Looking for Efficiencies - Remove Duplicates from Collection

john.hammond · ‎11-07-22

Hello all.

I've been tasked with tracking differences between two different Excel files for reporting purposes. My first thought was to gather them as collections through the Excel VBO and then Remove Duplicates via Collection Manipulation, but this had a poor success rate. So my second thought was to create a nested loop of the two collections (that contain the data from the spreadsheets) and do a comparison on the values of both (there are 20 columns per row to check against). If there was a match, remove the row and go to the next entry. If there was no match, write those values to a new collection - this would be my 'unique data'. Here's the flow, in case I haven't described that very well:

Now this works perfectly well in terms of accuracy. However, at the moment, it is only seemingly feasible for fairly small spreadsheets due to the time taken to execute. Admittedly, this is taken from stepping over in Debug mode, but for two collections with 117 rows, the time taken is about a minute. For 278 rows, it takes about 6 minutes, whereas for 400 rows it took about 15 minutes. I've just given up on waiting for it to do a collection with 827 rows after about an hour. The biggest collection it will ultimately need to parse through is about 1,800 rows. This obviously is not feasible with this seemingly exponential growth in processing power/time required.
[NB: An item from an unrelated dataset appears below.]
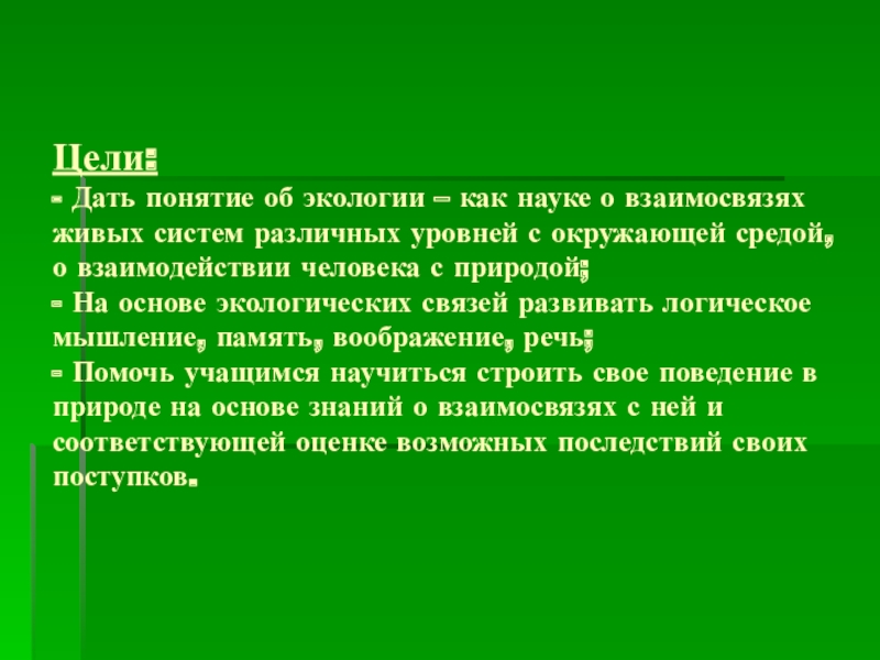 Слайд 3Цели: - Дать понятие об экологии – как науке о взаимосвязях живых

Are there any existing code stages that might make this more manageable whilst maintaining accuracy? The other thought that occurred to me is to split the collections into batches of 100 rows or so, collect the unique data from those and then re-process these 'unique data' collections to get down to a final data set, although this feels very inefficient as well.

Open to all suggestions!

------------------------------
John Hammond
------------------------------

PabloSarabia · ‎11-07-22

Hi @john.hammond

If you have all the information in Excel files, you can use the Oledb connector to query both Excel file. (This one: https://digitalexchange.blueprism.com/dx/entry/3439/solution/data---oledb )
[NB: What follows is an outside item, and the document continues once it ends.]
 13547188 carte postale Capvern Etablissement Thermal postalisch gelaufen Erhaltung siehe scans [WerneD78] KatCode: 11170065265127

With this you can use SQL statements to select your information and use DISTINCT statement to delete duplicate rows (here you have more info about the DISTINCT scaler.com/topics/distinct-in-sql/)
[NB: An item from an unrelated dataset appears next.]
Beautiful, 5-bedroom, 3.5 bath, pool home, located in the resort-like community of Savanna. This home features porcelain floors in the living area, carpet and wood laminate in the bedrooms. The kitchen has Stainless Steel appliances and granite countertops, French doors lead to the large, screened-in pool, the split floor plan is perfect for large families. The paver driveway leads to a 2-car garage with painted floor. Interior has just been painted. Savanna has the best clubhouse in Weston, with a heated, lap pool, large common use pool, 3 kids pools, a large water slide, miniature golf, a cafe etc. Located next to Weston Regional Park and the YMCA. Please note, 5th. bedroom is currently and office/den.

The statement looks like this:

"SELECT distinct * FROM [Sheetname$]"

Hope this helps you!

See you in the community, bye 🙂

------------------------------
Pablo Sarabia
Solution Manager & Architect
Altamira Assets Management
Madrid
------------------------------

John__Carter · ‎11-07-22

Hi John - if you're able to hardcode the names of the columns that you're looking for, then one way is to do something like this in a code stage:

UniqueRowsCollection = DuplicatesCollection.DefaultView.ToTable(true, "ColA", "ColB", "ColC")

------------------------------
John Carter
Professional Services
Blue Prism
------------------------------

john.hammond · ‎11-07-22

Thanks a lot for this Pablo, this looks very interesting. Having never used OLEDB previously however, would you mind guiding me through it a bit? I'm assuming I first need to run 'Set Connection' from the object - is the Database field merely the path to the Excel document? Also unsure what I would put in the 'Provider' and 'Connection String' fields.

Having just had a little play with it, I configured 'Set Connection' just with the filepath to the Excel document in the Database field as mentioned above before opening a connection - both of these were stepped over succesfully, but then when I tried to execute after this, I was presented with the following:

Internal : Could not execute code stage because exception thrown by code stage: ExecuteNonQuery requires an open and available Connection. The connection's current state is closed.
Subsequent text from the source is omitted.